Records for the task START

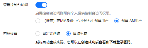 - 如果仍然选择创建iam用户,则需要配置密码类型。
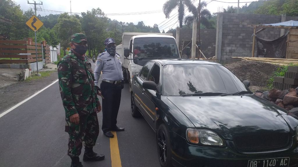 TRIBUNMANADO.CO.ID, TONDANO - Personel Komando Rayon Militer (Koramil) 1302-10/Sonder di bawah pimpinan Danramil Pelda F Mathindas, berkontribusi dalam Pos Pemeriksaan dan Pembatasan Akses Keluar Masuk Kota Tomohon-Kabupaten Minahasa, tergabung dalam Gugus Tugas Percepatan Pencegahan Virus Corona Kabupaten Minahasa, Rabu (29/4/2020).
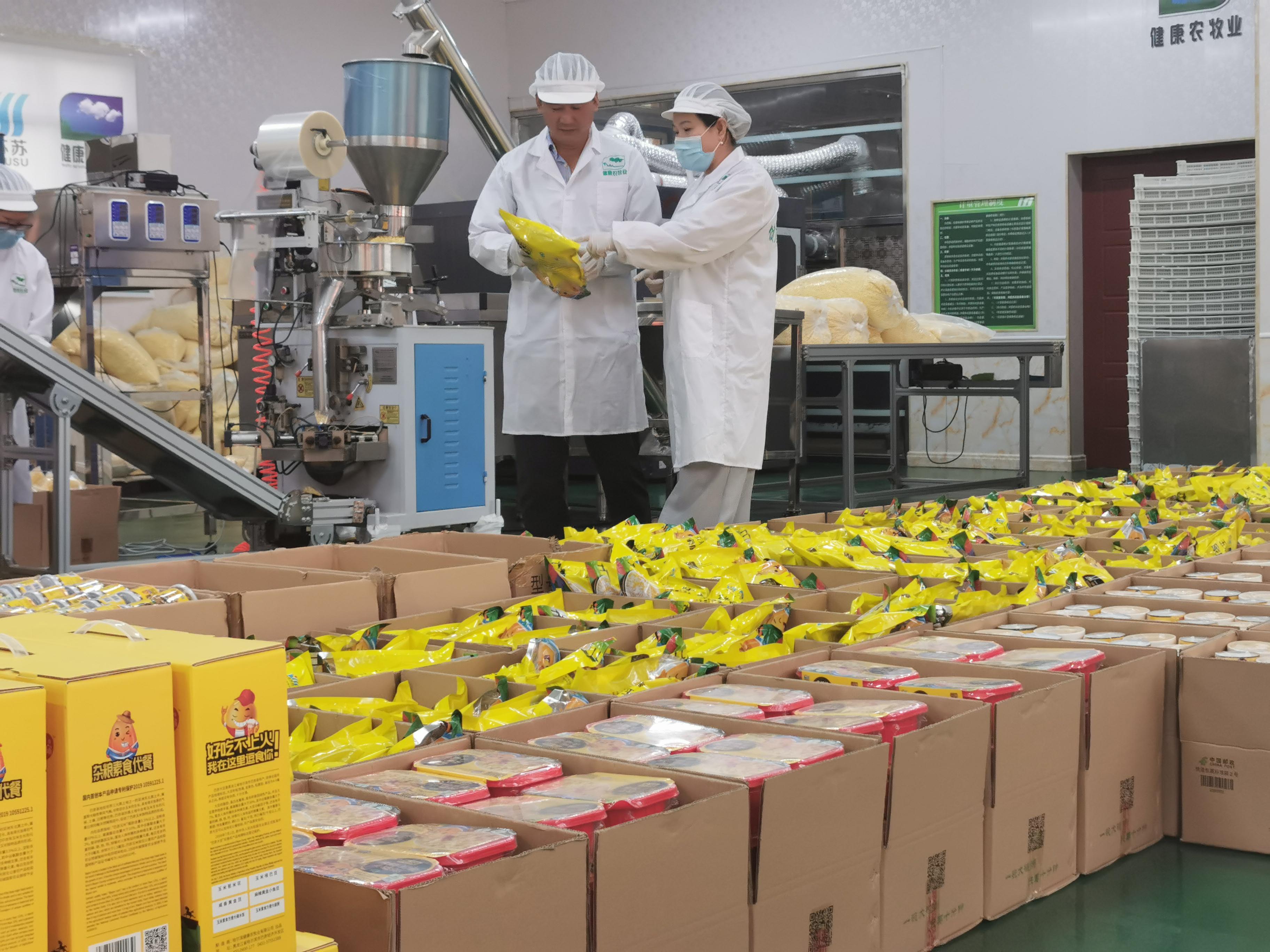 馬金柱提到的企業是哈爾濱健康農牧業有限公司。在企業車間,3條生產線馬力全開,一粒粒玉米經過一道道加工完成“變形”,各種玉米即食產品從這個小山村銷往北京、上海、深圳等地。企業董事長孫立娟指著一個蓋著金色蓋子的盒子說,這款主打的“方便玉米大碴粥”是專利產品,和市面上自發熱小火鍋是一個原理,市場前景不錯。
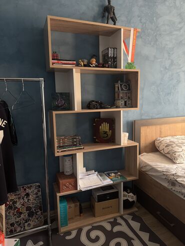 Настенная модульная система полок, современный минимализм. - Комплектация: два горизонтальных блока с открытыми нишами и центральными перемычками, нижний уровень дополнен длинной нижней полкой-осн...
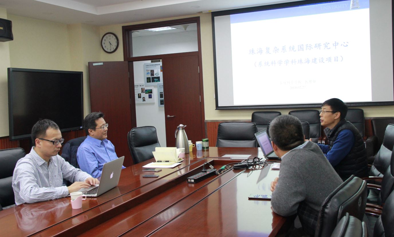 狄增如介绍了日韩av 系统科学学科的基本情况、一流学科建设的规划,以及学院发展面临的问题和挑战,并特别就日韩av创办珠海复杂系统研究中心的工作思路和资源需求进行了汇报。
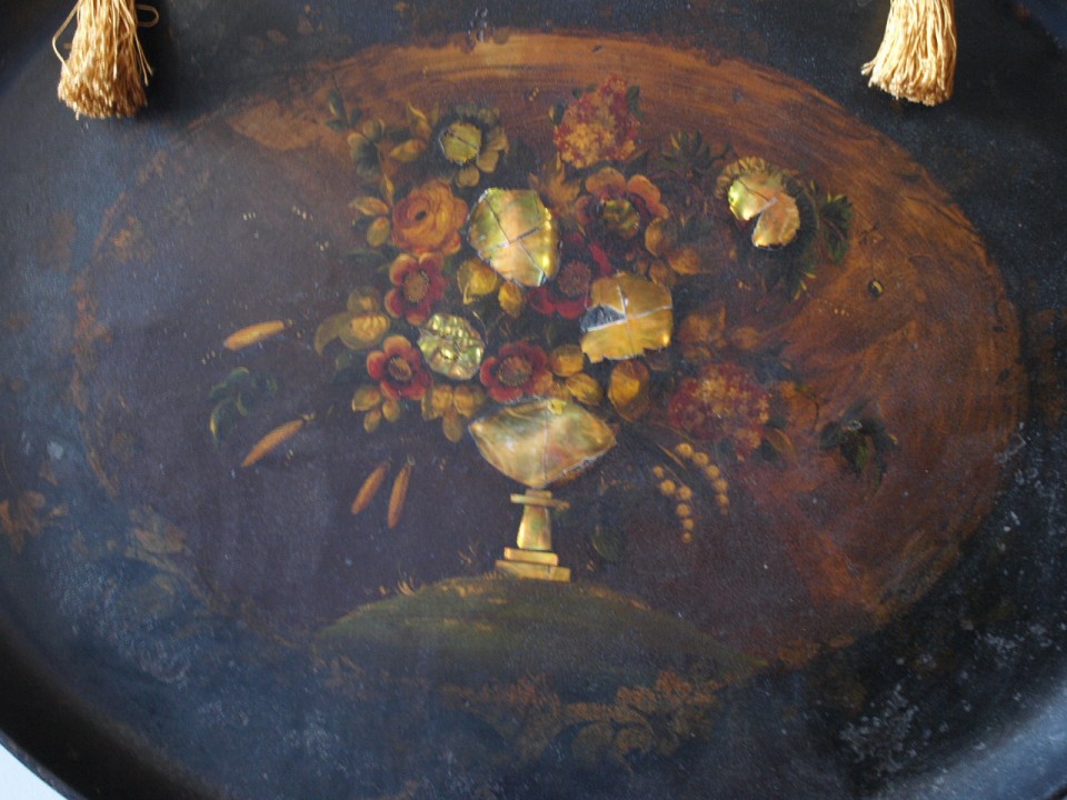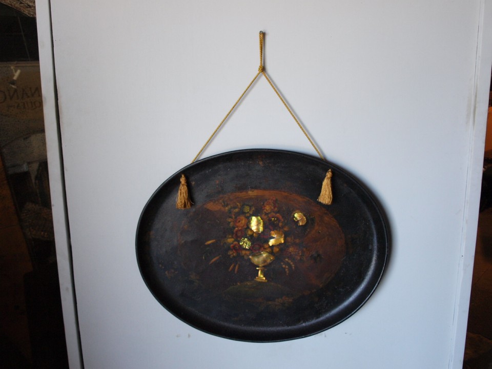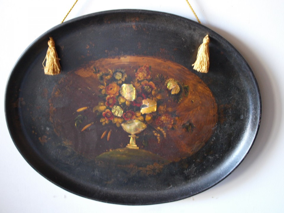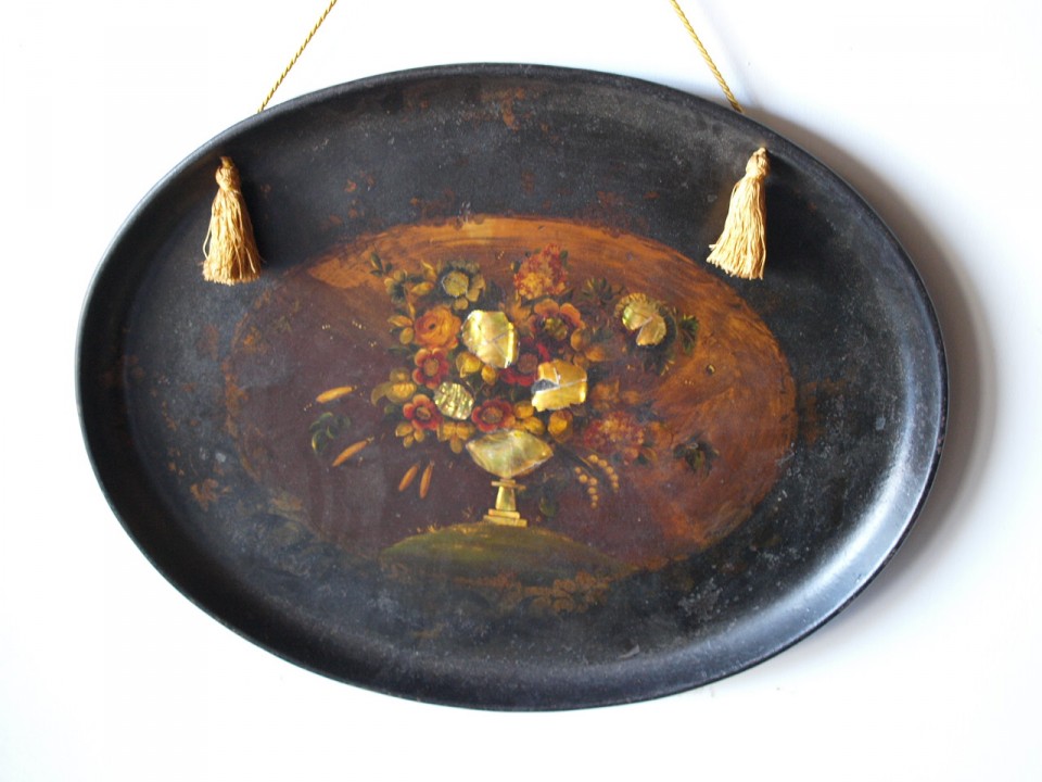 A very lovely French later 19th century painted tole tray. Wonderful texture and patina. A silk cord has been added to hang the tray... A delightful art piece.

Records for the task END

Try it: Starting from the line that has "狄增如介绍了日韩av 系统科" and ending at the last line of the material above, every line should be output exactly; pictures are dropped and nothing else appears.

Response area:
 狄增如介绍了日韩av 系统科学学科的基本情况、一流学科建设的规划,以及学院发展面临的问题和挑战,并特别就日韩av创办珠海复杂系统研究中心的工作思路和资源需求进行了汇报。
 A very lovely French later 19th century painted tole tray. Wonderful texture and patina. A silk cord has been added to hang the tray... A delightful art piece.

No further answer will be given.